___ RECORDED INFORMATION

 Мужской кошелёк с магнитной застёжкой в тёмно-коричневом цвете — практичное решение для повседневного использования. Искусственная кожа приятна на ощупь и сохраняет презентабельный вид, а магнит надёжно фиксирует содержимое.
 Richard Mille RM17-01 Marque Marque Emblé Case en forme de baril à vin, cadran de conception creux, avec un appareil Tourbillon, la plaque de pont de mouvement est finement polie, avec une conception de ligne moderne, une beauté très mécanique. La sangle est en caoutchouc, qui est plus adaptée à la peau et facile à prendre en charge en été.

______
___ RECORDED INFORMATION

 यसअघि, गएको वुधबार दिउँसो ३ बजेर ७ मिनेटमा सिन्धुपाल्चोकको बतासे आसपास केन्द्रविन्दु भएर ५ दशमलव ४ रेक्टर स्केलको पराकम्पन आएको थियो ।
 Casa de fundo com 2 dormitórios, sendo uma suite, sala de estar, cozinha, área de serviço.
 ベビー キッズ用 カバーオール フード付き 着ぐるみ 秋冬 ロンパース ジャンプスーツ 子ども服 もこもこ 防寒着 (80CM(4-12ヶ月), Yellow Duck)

______

__WORK TASK__.
Starting with the line with "Мужской кошелёк с" above and going on through the line with "Richard Mille RM17-01", transcribe every line exactly, both ends included, and add nothing.

__FINAL ANSWER__.
 Мужской кошелёк с магнитной застёжкой в тёмно-коричневом цвете — практичное решение для повседневного использования. Искусственная кожа приятна на ощупь и сохраняет презентабельный вид, а магнит надёжно фиксирует содержимое.
 Richard Mille RM17-01 Marque Marque Emblé Case en forme de baril à vin, cadran de conception creux, avec un appareil Tourbillon, la plaque de pont de mouvement est finement polie, avec une conception de ligne moderne, une beauté très mécanique. La sangle est en caoutchouc, qui est plus adaptée à la peau et facile à prendre en charge en été.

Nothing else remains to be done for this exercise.